Edit: I stumbled across something at the last second that lets me use the conjugate approach. The expression can be rewritten as $$\sqrt{x^2+5x-2}-\sqrt{4x^2-3x+7}+\sqrt{x^2+7x+5}\\ \sqrt{x^2+5x-2}-2\sqrt{x^2-\frac{3}{4}x+\frac{7}{4}}+\sqrt{x^2+7x+5}\\ \left(\sqrt{x^2+5x-2}-\sqrt{x^2-\frac{3}{4}x+\frac{7}{4}}\right)+\left(\sqrt{x^2+7x+5}-\sqrt{x^2-\frac{3}{4}x+\frac{7}{4}}\right)$$ which approaches $$\frac{23}{8}+\frac{31}{8}=\frac{27}{4}$$

Answer 1

Rewrite it as:

$$\left(\sqrt{x^2+5x-2} - \left(x+\frac{5}{2}\right)\right) -\\ \left(\sqrt{4x^2-3x+7}-\left(2x-\frac{3}{4} \right)\right) +\\ \left(\sqrt{x^2+7x+5}-\left(x+\frac{7}{2}\right)\right)+\left(\frac{5}{2}+\frac 34+\frac{7}2\right)$$

Or something like that. Each of the first three terms has limit zero...

Answer 2

$\lim_{x\to\infty} \left(\sqrt{x^2+5x-2}-\sqrt{4x^2-3x+7}+\sqrt{x^2+7x+5}\right) = 27/4 $

i will use the binomial theorem in the form $(BIG + small)^{1/2} = BIG^{1/2} + {1 \over 2}BIG^{-1/2}small+\cdots $ to each.
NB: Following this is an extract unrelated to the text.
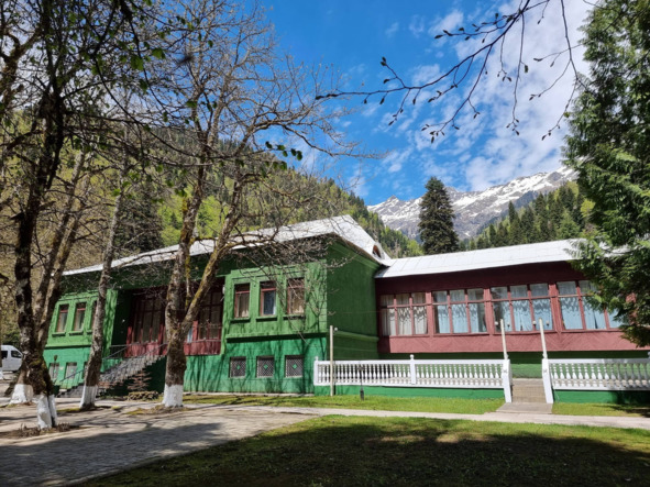 Дача расположена в 4 км от обзорных площадок на западном берегу озера и в 1,5 км от Молочного водопада. Экскурсия платная, в 2022 году это стоило 200 рублей. Построена была в 1947 году по рекомендации Н.С.Хрущёва, который посетил эти места в составе туристской группы. С 1937 года здесь стоял охотничий домик – небольшая гостиница для партийной элиты. Архитектором дачи был Мирон Мержанов. В строительстве дачи принимали участие немецкие военнопленные. Кстати. И дорогу от начала Рицы до Ауадхары строили они. Трёхэтажное здание дачи имеет довольно скромный вид. Чего не скажешь о качестве интерьера. Как и все сталинские дачи, она окрашена в зелёный цвет. Это делалось в целях маскировки. Вопросам безопасности вождь уделял особое внимание.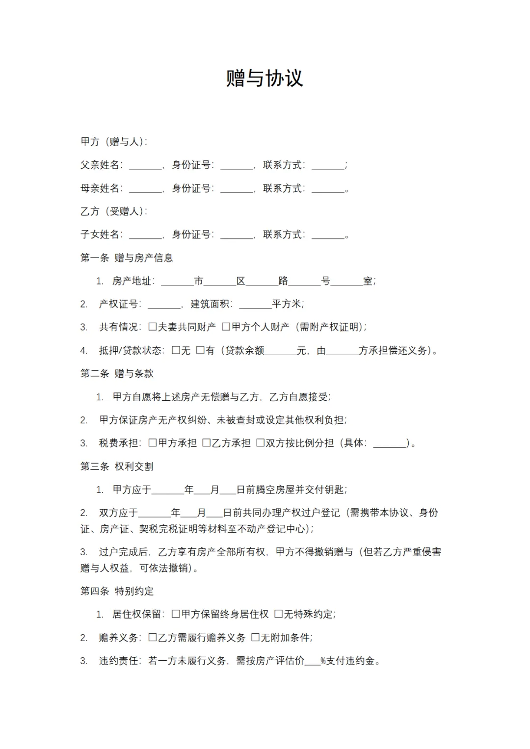 房产赠与子女合同范本,WORD文档电子版,可免费下载打印

$$\sqrt{x^2+5x-2} = x + {5x - 2 \over 2x} + \cdots \\ -\sqrt{4x^2-3x+7} = -\left( 2x + {-3x + 7 \over 4x} + \cdots \right) \\ \sqrt{x^2+7x+5} = x + {7x + 5 \over 2x} + \cdots \\ $$

adding the dominant terms the limit is $${5 \over 2} + {3 \over 4} + {7 \over 2} = {10 + 3 + 14\over 4} = {27 \over 4} $$

Answer 3

You can also use Taylor series. Start writing $$A=\sqrt{x^2+5x-2}-\sqrt{4x^2-3x+7}+\sqrt{x^2+7x+5}$$ $$\frac Ax=\sqrt{1+\frac{5x-2}{x^2}}-2\sqrt{1-\frac{3x-7}{4x^2}}+\sqrt{1+\frac{7x+5}{x^2}}$$ Now, remember that, when $y$ is small compared to $1$, $\sqrt{1+y}=1+\frac{y}{2}-\frac{y^2}{8}+O\left(y^3\right)$.

So replace $y$ by $\frac{5x-2}{x^2}$ for the first radical, by $-\frac{3x-7}{4x^2}$ for the second radical and by $\frac{7x+5}{x^2}$ for the third radical. So, in the order, each radical write $$\sqrt{1+\frac{5x-2}{x^2}}=1+\frac{5}{2 x}-\frac{33}{8 x^2}+O\left(\left(\frac{1}{x}\right)^3\right)$$ $$\sqrt{1-\frac{3x-7}{4x^2}}=1-\frac{3}{8 x}+\frac{103}{128 x^2}+O\left(\left(\frac{1}{x}\right)^3\right)$$ $$\sqrt{1+\frac{7x+5}{x^2}}=1+\frac{7}{2 x}-\frac{29}{8 x^2}+O\left(\left(\frac{1}{x}\right)^3\right)$$ All of the above makes $$\frac Ax=\frac{27}{4 x}-\frac{599}{64 x^2}+O\left(\left(\frac{1}{x}\right)^3\right)$$ that is to say $$A=\frac{27}{4}-\frac{599}{64 x}+O\left(\left(\frac{1}{x}\right)^2\right)$$ which gives the limit but also tells how it is approched.

Answer 4

Hint: $\sqrt{ax^2+bx+c} = \dfrac{\sqrt{a+\dfrac{b}{x}+\dfrac{c}{x^2}}}{\dfrac{1}{x}} = \dfrac{\sqrt{a+by+cy^2}}{y}$,and use L'hospitale rule. Note $y \to 0$. Repeat this process for each term of the sum and simplify to a common fraction and proceed to L'hospitale rule.